[Recorded data]
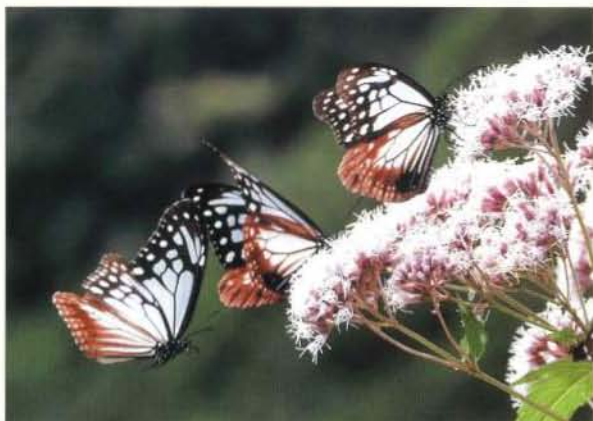
遠来のいのち 河村信弘 (大阪)
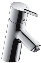
HG Einhand-Waschtischbatterie Talis S verchromt
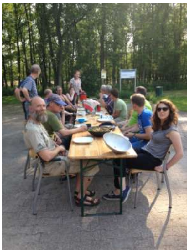
Het gezamenlijke eten op zaterdagavond, met geweldig weer

Met een groep van bekenden en nieuwe leden hebben we natuurgebied Wolfheze in de nachtelijke uren bezocht. Ondanks een warme eerste nacht werden er weinig vleermuizen gehoord en gevangen. Bij terugkomst in de werkschuur op Planken Wambuis zocht een groot deel zijn/haar bijbehorende slaapzak op. Een paar enthousiastelingen hebben in de ochtend nog een aantal zwermende vleermuizen gespot op het terrein van Pro Persona. Na een goed verzorgde maaltijd klaargemaakt door de buurman gingen we met goede moed weer op pad. Dit keer kwamen we terug met een beter resultaat. Zowel op Reijerscamp als Wolfheze werden in totaal 5 soorten vleermuizen gevangen. Ondanks geen hoge aantallen getelde vleermuizen was het een geslaagd weekend!
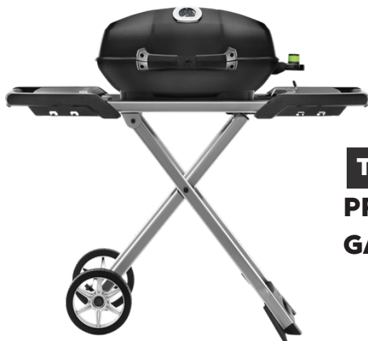
TRAVELQ PRO285 GAS
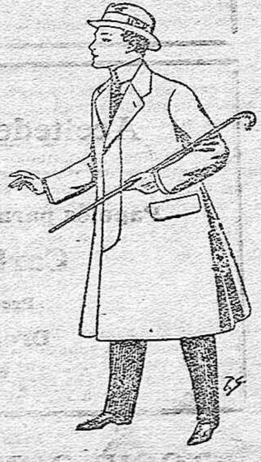
Gabanes de paten, melton y cheviot, con forros seda, saten o escocés, de pesetas 33 a 100.
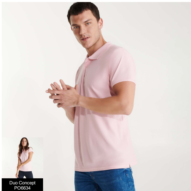
Duo Concept PO6634
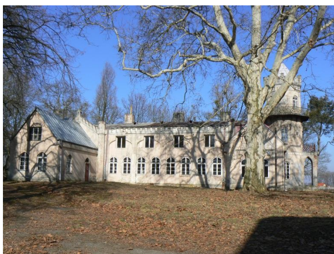
Pałac w Wieńcu
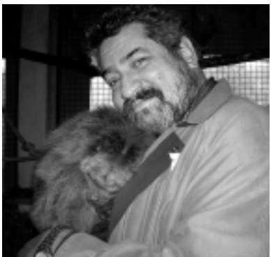
También en el zoo se producen encuentros donde los animales parecen haber encontrado el mayor parecido a sus ancestros.

Servicios: Hay instaladas parrillas (de uso gratuito) y se puede acampar. Cuentan con arboleda, baños con duchas, servicio de cantina y parrilla, pileta de natación con quincho y juegos infantiles. Con el costo de la entrada se incluye paseos en trencito, en carreta, en ponys y caballos para adultos, en elefantes y en dromedarios.
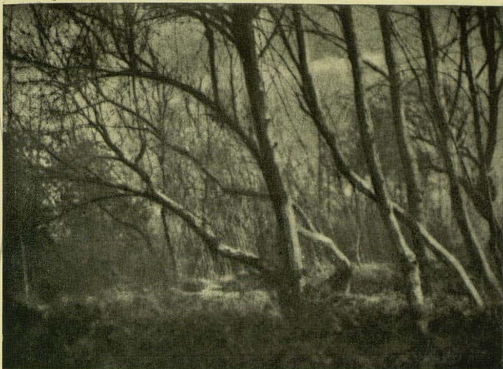
PAISATGE D'HIVERN BROMOLI
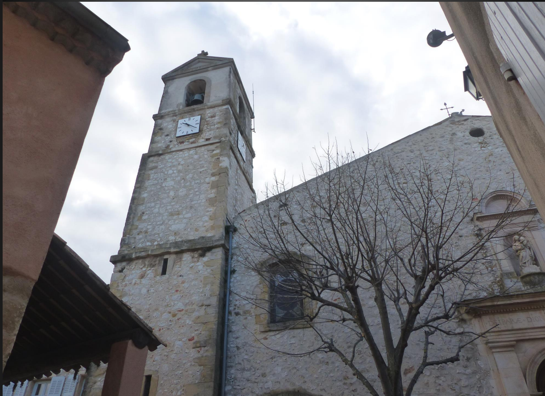
La nouvelle église Saint-Denis fut livrée au culte en 1772 .
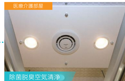
除菌脱臭空気清浄
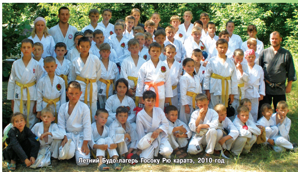
Летний Будо-лагерь Госоку Рю каратэ, 2010 год

Мы продолжаем знакомить с людьми, реально развивающими в нашей стране каратэ Госоку Рю. Сегодня речь пойдет о двух сумских клубах, на которых базируется Представительство ИКА в Украине: Клуб Шотокан Каратэ-до «Терра-SKIF» и отделение каратэ ДЮСШ «Авангард». Их обязательно надо рассматривать вместе, поскольку они вместе несут тяготы организационной и методической работы по внедрению стиля Госоку Рю в Украине, разделяя обязанности и взаимно дополняя друг друга. Удел клуба — традиционное каратэ, продвижение стиля, международная деятельность и опека над сборной Украины. ДЮСШ занимается спортивным направлением и детским каратэ.

• _WHAT THE TASK REQUIRES_: In the entries above, which lines run from the one with "Duo Concept PO6634" up to and including the one with "PAISATGE D'HIVERN BROMOLI"? Write them out exactly, without the pictures.

• _YOUR RESPONSE_:
Duo Concept PO6634
Pałac w Wieńcu
También en el zoo se producen encuentros donde los animales parecen haber encontrado el mayor parecido a sus ancestros.

Servicios: Hay instaladas parrillas (de uso gratuito) y se puede acampar. Cuentan con arboleda, baños con duchas, servicio de cantina y parrilla, pileta de natación con quincho y juegos infantiles. Con el costo de la entrada se incluye paseos en trencito, en carreta, en ponys y caballos para adultos, en elefantes y en dromedarios.
PAISATGE D'HIVERN BROMOLI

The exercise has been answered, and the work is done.